I have started working on the implementation of my plan, [1] and now I attached a resulting image came from it.

Completeness Boxplot

What you can see in the image is three charts. The first one contains the completenes boxplot of the full Europeana records, the second one is the same report for the search API records, and the last one shows the number of records per data providers.

I should start somewhere so I collected all the records match the query COUNTRY:hungary which produces 690K records, a bit more than 1,5% of all Europeana records. I used the API, and saved two files: one for the full records, one for the search API records. Each files contain one record per line in JSON format, but I removed the metadata type elements of the API, such as the number of records, the number of requests etc. I used api2demo as API key. Sometimes I had to stop the process, and thus at the end there is a small difference in the number of records in each files. To harvest the records took 1,5 days, which is pretty slow for this purpose.

I have created two schema representation files, which contained the elements and their types. I should note, that the API documentation at the Labs site is a bit outdated, it seems, that there are new fields which are not documented, and some type note is false. With a somewhat fresh eye, it is clear, that there are some inconsistency between record and search API result format, for example there are 3 different way how to present language variations.
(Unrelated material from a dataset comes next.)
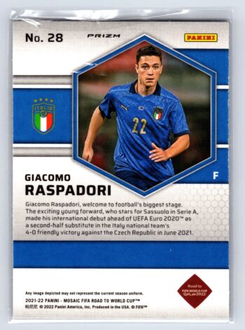 Giacomo Raspadori RC Rookie Refractor 2021-22 Mosaic FIFA World Cup
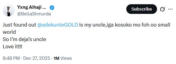 In his words, “Just found out adekunleGOLD is my uncle, Iga Kosoko mo foh oo small world

The measure of the completeness is simple: I count the existing fields, and the total number of the fields. If an existing field contains multiple instances, then I give it more weights. There could be some more tweaking in this calculation, but it was good for start.

I run the two calculation (records again records schema, and search records against search record schema) in a batch process based on Hadoop. In case you don’t know Hadoop: it is the other invention of Doug Cutting, the inventor of Apache Lucene (the basis of Solr, Europeana’s search engine), for distributed computations. I let the user to scale the application by distribute the computations over several commodity machines. It splits the input file into smaller chunks and sent to different nodes along with the definitions of tasks to run on the data to work paralelly by implementing the MapReduce paradigm.

The program right now produce a flat file containing name value pairs, in this case the data provider name and ID of the record as key, and the result of the calculation which is a number between 0 and 1 where 0 means the worst possible record having no relevant field, and 1 is the exemplar record having all the schema fields.

Then I run an R script with these result which produces the boxplot charts. The general feature of boxplot is, that it shows the distribution of the “quartiles”: if we separate the range of the values into 4 equal parts, the lower and top quarles displayed with dotted lines, the inner quartiles form a box, and a line shows the mean. The result shows the distribution of typical values, ad the extreme values. If the box is small it means, that the records are similar in terms of completeness, if the box is large it means, that the records are different: there are better and worse records and so on.

There were some conclusions when I saw the charts:

1) there is at least one collection where the box is too condensed, and it might mean, that the records are created the very same way, and they might contains same information. I have checked this collection, and it turned out, that some of the fields which were the basis of enhancements are really the same, so they get the same Place and Concepts - so enhancement has an effect which enlarge similarities of some fields. I guess I should add a different completeness measurement without these entities.

2) the full and search record’s completeness numbers are quite different. I am thinking about the reasons (I know some cases where the Solr index had and still has errors), but I should investigate it more.

I’ve put the source code of the Hadoop part into my GitHub account: https://github.com/pkiraly/europeana-qa

These are just the baby steps, and there are lots on my plate, so I’ll go further. If you interested, from time to time I will create such a reports - maybe in a different form. If you have any suggestions or notice, please let me know.

Cheers, Péter

Notes

[1] My research plan’s title is ‘Metadata Quality Assurance Framework’, and is about how to measure the “goodness” of metadata records in cultural heritage databases, such as a digital library, a traditional library catalog, or even in research data archives.